Sonntag, 24. November 2019

Vertrauen ist gut, Kontrolle ist besser

Gedanken zu einer unsterblichen Managementlehre

Vertrauen ist wahrscheinlich die am meisten gefordertste und herbeigeschrieben und -geredete Managementtugend. Kontrolle dagegen ist die böse Schwester, die nichts taugt und tunlichst gemieden werden sollte. Mitarbeiter wollen, dass ihnen vertraut wird und sie nicht kontrolliert werden. Wer sich als Chef allzu sehr auf Kontrolle verläßt, gilt zumindest als gestrig, wenn nicht autoritär.
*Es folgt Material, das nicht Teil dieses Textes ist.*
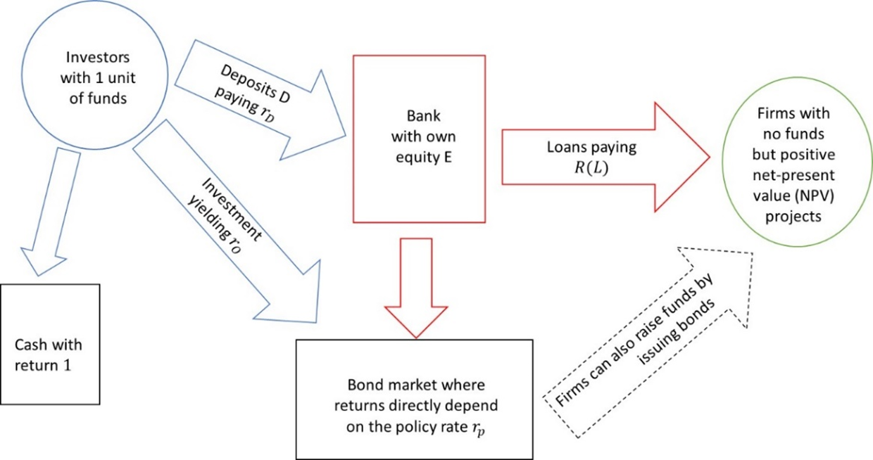 Our analysis is based on a partial-equilibrium model. Banks attract deposits from outside investors and provide loans to firms (Figure 2). As an alternative to issuing loans, banks can invest in bonds. Similarly, investors can either invest in bonds or hold cash instead of depositing it with a bank. Allowing investors to hold cash also introduces a hard ZLB on retail deposit rates. The substitutability between loans, deposits and bonds is the channel through which the policy rate affects loan and deposit rates.

Vertrauen ist der rote Faden, der sich durch alle "modernen" Managementlehren durchzieht und sogar in den aktuellen Diskussionen um Führung im Zeitalter der Digitalisierung noch an Bedeutung zu gewninnen scheint.
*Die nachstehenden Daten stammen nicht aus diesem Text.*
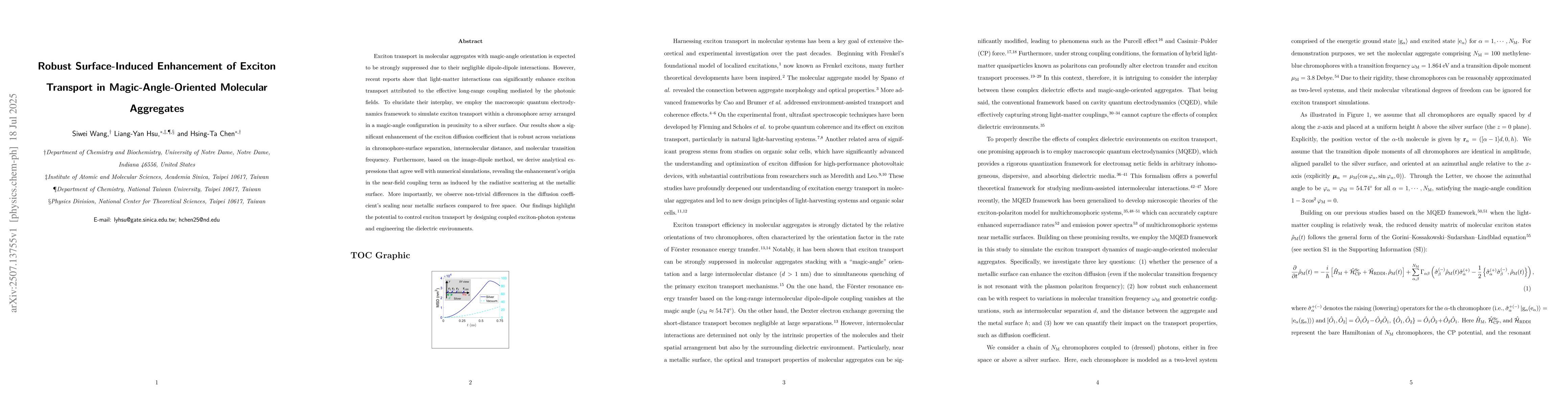 Exciton transport in molecular aggregates with magic-angle orientation is expected to be strongly suppressed due to their negligible dipole-dipole interactions. However, recent reports show that light-matter interactions can significantly enhance exciton transport attributed to the effective long-range coupling mediated by the photonic fields. To elucidate their interplay, we employ the macroscopic quantum electrodynamics framework to simulate exciton transport within a chromophore array arranged in a magic-angle configuration in proximity to a silver surface. Our results show a significant enhancement of the exciton diffusion coefficient that is robust across variations in chromophore-surface separation, intermolecular distance, and molecular transition frequency. Furthermore, based on the image-dipole method, we derive analytical expressions that agree well with numerical simulations, revealing the enhancement's origin in the near-field coupling term as induced by the radiative scattering at the metallic surface. More importantly, we observe non-trivial differences in the diffusion coefficient's scaling near metallic surfaces compared to free space. Our findings highlight the potential to control exciton transport by designing coupled exciton-photon systems and engineering the dielectric environments.

Doch die Bedeutung in der Theorie schlägt nicht in die Praxis durch. Der obige Spruch wird von Führungskräften immer noch gerne hinter vorgehaltener Hand oder auch ganz offen zitiert. Was sich bei diesem Typ von Chef auch in seinem Verhalten niederschlägt. Aber auch die Führungskräfte, die sich redlich darum bemühen, nicht autoritär zu sein und zumindest möglichst wenig zu kontrollieren, haben keine Scheu, sich einer breiten Palette von Kontrollinstrumenten zu bedienen.
Beurteilungs- und Zielvereinbarungssysteme sind, auch wenn sie neuerdings unter dem Etikett Performance-Management daherkommen, nicht anderes wie Kontrollinstrumente. Was ist es anderes als Kontrolle, wenn am Ende eines Zeitraums der Mitarbeiter gefragt wird, ob er bestimmte Zielwerte erreicht hat? Und wenn der Vorgesetzte dem Mitarbeiter Feed-Back in Form einer Beurteilung geben will oder muss, dann muss er sich vorher ein Bild davon machen, wie der Mitarbeiter gearbeitet hat, eine typische Kontrolltätigkeit also. Allerdings wird er von dem Gefühl, Kontrolleur zu sein, entlastet, da er dem Kontrollierten ein Bonbon in Form einer Prämie oder "Leistungszulage" in Aussicht stellen kann. Eine Möglichkeit, die die Führungskräfte allzu gerne nutzen und dabei die kritischen Töne vergessen.
Doch das sind noch "vertrauensvolle" Zustände gegenüber dem, was die digitale Technik ermöglicht. Große Mengen von Daten erfassen und in kürzester Zeit auswerten zu können, fordert geradezu heraus, möglichst viel zu quantifizieren und messbar zu machen. Und was gemessen werden kann, kann auch optimiert werden. Wo es dann nur noch um den "Abgleich von Ist- und Sollwerten" geht, wie Kontrolle oft schön umschrieben wird, ist der Weg des Vertrauens schon verlassen.
Es hat allerdings den Anschein, dass die meisten Betroffenen sich damit abfinden können. Viele unterwerfen sich sogar noch außerhalb der Arbeit dem Self Tracking und versuchen so noch andere Lebensbereiche kontinuierlich zu optimieren. Daran sieht man wie weit die Anforderungen der Arbeitsgesellschaft verinnerlicht sind. Die digitalen Kommunikationsmittel, die ständige Erreichbarkeit sicher stellen, tun ein übriges. Die Beschäftigten tun scheinbar von selbst, was sie sollen. Das Ziel scheint erreicht und die sich verflüchtigende (sichtbare) Kontrolle kann als zunehmendes Vertrauen verkauft werden.